The three-sided sculpture was filled from top to bottom with faces. What a curious piece, I thought. Each face was different. Their expressions drew me in. I moved around and around the piece, looking up and down, trying to get a better view of the ones placed higher, towards the metal abstract Phoenix bird topping the structure.
I must return to the house, grab my camera, come back and photograph this intriguing art piece, I thought. When I did, I asked Eileen if she knew anything about the sculpture. Indeed, not only did she know about it, but her own face was among those on it! Together she and I walked back to the corner where it stood. But as hard as we tried, we couldn’t find her face amongst the many. “My daughter knows exactly where it is,” she told me, “I’ve forgotten”

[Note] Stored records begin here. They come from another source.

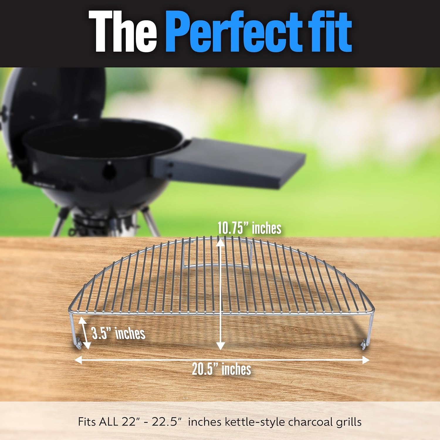- Secure and Easy Fit: No worries about wobbly racks here. Our Elevated Cooking Grate fits securely behind the grate handle and rests on the crossbars with pronged feet, giving you a stable cooking surface every time. Designed to fit most standard grill grates 22” or larger as well as rectangle grills, compatible with most Weber grills.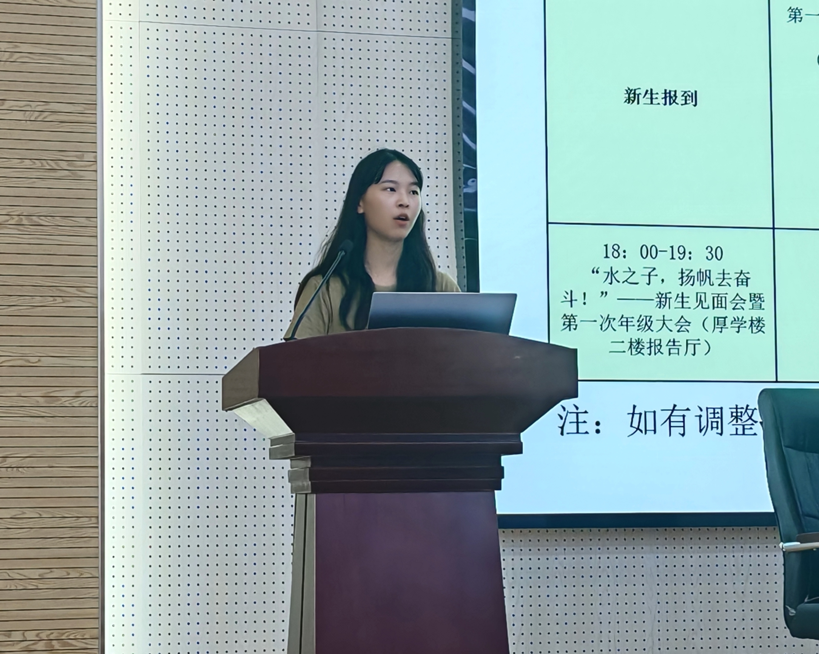 2024年9月8号晚,bv伟德国际19462024级本科生第一次年级大会在厚学报告厅顺利召开,会议由年级辅导员韦语涵、吴晓芬主持。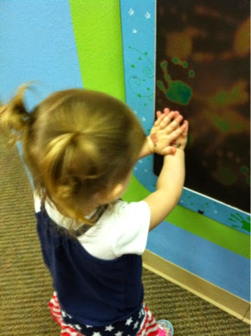 She also coughs after she eats something really cold. However, she adores ice cream and frozen yogurt so the cough almost seems worth it on occasion. After her appointment last week, I had wanted to go to the Tulsa Children's Museum. However, she had fallen asleep so we didn't get to go. Once we got back home, we took her to Orange Leaf for the first time. She loved it.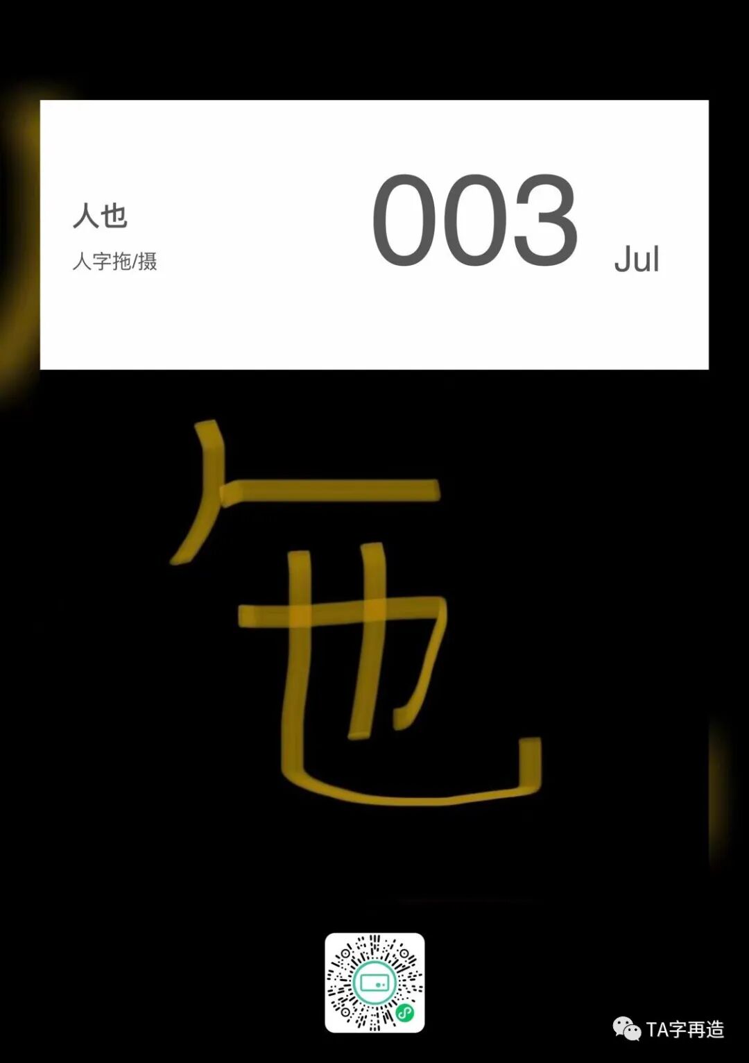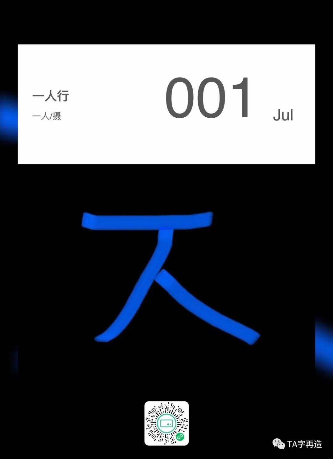 TA字是一个音符,没有性别指向,同时也没有形象的表达,我想用“一”和“人”组合,有个“大”字恰好音似,我创作的汉字是一个不断行动的个体。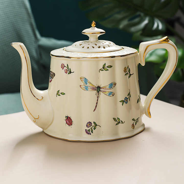 ชุดกาน้ำชาและกาแฟเซรามิกสไตล์ยุโรปย้อนยุค ลายผีเสื้อและแมลงปอสุดหรู ดีไซน์ทันสมัยสำหรับเครื่องดื่ม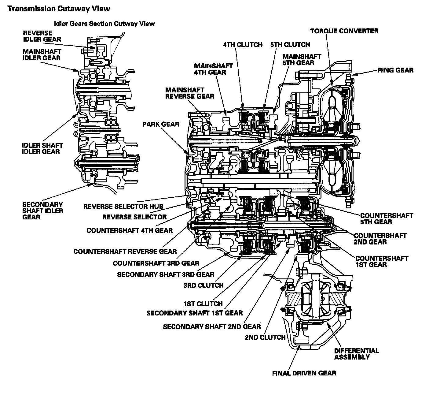 The torque converter consists of a pump, turbine, and stator assembly in a single unit. They are connected to the engine crankshaft so they turn together as the engine turns. Around the outside of the torque converter is a ring gear which meshes with the starter pinion when the engine is being started. The entire torque converter assembly serves as a flywheel while transmitting power to the transmission mainshaft, the transmission has three parallel shafts; the mainshaft, the countershaft, the secondary strafe. The mainshaft is in line with the engine crankshaft, and includes the 4th and 5th clutches, and gears for 5th, 4th, reverse, and idler. The mainshaft reverse gear is integral with the mainshaft 4th gear. The countershaft includes the gears for 1st, 2nd, 3rd, 4th, 5th, reverse, park, and the final drive. The final drive gear is integral with the countershaft. The countershaft 4th gear and the countershaft reverse gear can be locked to the countershaft providing the 4th or reverse gear, depending on which way the selector is moved. The secondary shaft includes the 1st, 2nd, and 3rd clutches, and gears for 1st, 2nd, 3rd, and idler. The idler shaft is located between the mainshaft and secondary shaft, and the idler gear transmits power between the mainshaft and the secondary shaft. The gears on the mainshaft and the secondary shaft are in constant mesh with those on the countershaft. When certain combinations of gears in the transmission are engaged by the clutches, power is transmitted from the mainshaft and the secondary shaft to the countershaft provide D, D3, M, and R positions.

The piece, I later learned, is titled “Faces of a Community” and represents the diversity of ages, cultures, and people who make up the Southwestern city of Phoenix. During the making of the artwork, my friend’s face was molded in plaster by one of the artists, locally renown maskmaker Zarrco Guerrero. The mold was then used to create a clay likeness of her face which was attached, along with the many others, to the final piece. The pieces were glazed in blues, terra-cotta and creme colors and carefully positioned up and down the obelisk. It would have been fun to watch as the artists’ placed each of these faces and the manner in which they established the relationships of one to another.
The final piece was installed in 2002 and was the end result of a collaboration between artists Helen Helwig, Niki Glen, MIchael Anderson and Guerrero. Students, teachers and community members all participated in making the life casts and moulding the faces. Today, the 18 foot tall sculpture anchors the northeast corner of the campus where, undoubtedly it attracts students and visitors, like myself, who just happen upon it and provides a perfect way to finish or begin a walk around the Phoenix College campus.